Across England overall, prices were up 3.1%, compared with Q4 2024. There was a clear north-south divide in house price performance in 2024 as Northern England (comprising North, North West, Yorkshire & The Humber, East Midlands and West Midlands) continued to outperform southern England, with prices up 4.9% year on year. The North was the best performing English region, with prices up 5.9% year on year.

Southern England (South West, Outer South East, Outer Metropolitan, London and East Anglia) saw a 2.2% year-on-year rise. The South West was the best performing southern region with annual price growth of 2.7%. East Anglia was the weakest performing UK region in 2024, with a modest 0.5% annual increase.

House prices increased by 0.7% month on month, after taking account of seasonal effects, following a 1.2% rise in November.

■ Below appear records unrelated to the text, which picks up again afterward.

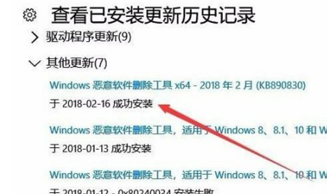 5、完成之后点击下方的“查看已安装更新历史记录”。
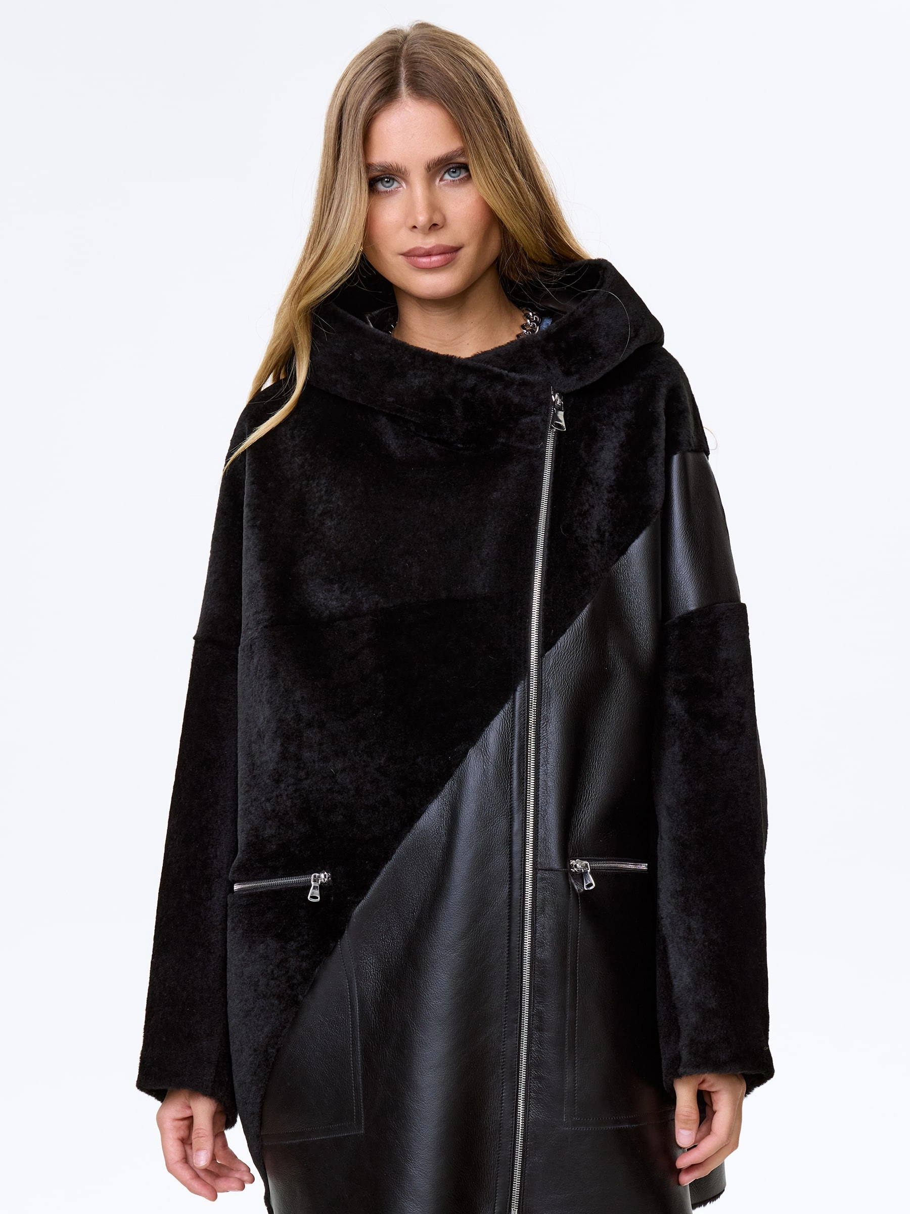 Товар женская дубленка оверсайз с капюшоном премиум класса 2055, черная, размер 50, артикул 62450 выполнен из овчина "мерино" с застежкой молния. Рассчитан на сезон: осень-зима. Длина изделия 80 см, силуэт свободный.
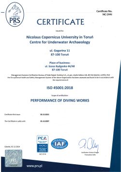 Centrum Archeologii Podwodnej UMK w Toruniu jest jedynym ośrodkiem naukowym w Polsce, posiadającym Certyfikat Bezpieczeństwa BHP w zakresie prowadzenia prac podwodnych w normie ISO: 45001:2018.
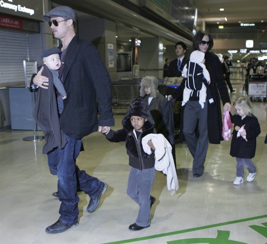 Pitt and Jolie with their children walk through Narita International Airport in Narita, east of Tokyo, Japan, on Tuesday, Jan. 27. They arrived in Tokyo for the Japan premiere of "The Curious Case of Benjamin Button." Pitt and Jolie have six children: Maddox, Zahara, Pax, Shiloh, Knox and Vivienne.

Looking back on 2024, Nationwide’s chief economist Robert Gardner said: “Mortgage market activity and house prices proved surprisingly resilient in 2024 given the ongoing affordability challenges facing potential buyers. At the start of the year, house prices remained high relative to average earnings, which meant that the deposit hurdle remained high for prospective first-time buyers.

“This is a challenge that had been made worse by record rates of rental growth in recent years, which has hampered the ability of many in the private rented sector to save.”

He added: “Moreover, for many of those with sufficient savings for a deposit, meeting monthly payments was a stretch because borrowing costs remained well above those prevailing in the aftermath of the pandemic. For example, a typical mortgage rate for someone with a 25% deposit hovered around 4.5% for much of the year, three times the 1.5% prevailing in late 2021, before the Bank of England started to raise the Bank Rate.

“As a result, it was encouraging that activity levels in the housing market increased over the course of 2024 with the number of mortgages approved for house purchase each month rising above pre-pandemic levels towards the end of the year.”

Commenting on the latest data from Nationwide April Mortgages director Rachael Hunnisett said: “Closing 2024 with another month of house price growth is a positive note for the industry, marking a year of resilience and recovery.

“The previous set of house price figures from Nationwide showed the fastest rate of growth in two years, so this latest data highlights just how robust the market is.

“The outlook for early 2025 looks promising, with activity expected to rise as homeowners rush to complete transactions ahead of April’s stamp duty deadline. An increase in property listings could also foster more competitive pricing, offering buyers greater flexibility.

She added: “Recent interest rate cuts have significantly boosted buyer confidence, playing a key role in the recovery of house prices throughout 2024. If inflation remains stable and rates continue to fall, the housing market could see even more momentum in the coming months.”

MT Finance director Tomer Aboody largely echoed this view: “As 2024 came to a close, sentiment remained pretty strong.

“We have seen an increase in prices year-on-year, mostly due to the rate cuts which have made affordability easier and in turn, have brought more buyers and sellers back into the fold. Higher transaction levels have also made the market more buoyant.

“With the stamp duty concession ending in March, 2025 as a whole might not be as positive as everyone hopes but another rate cut early in the year could help ease any pain.”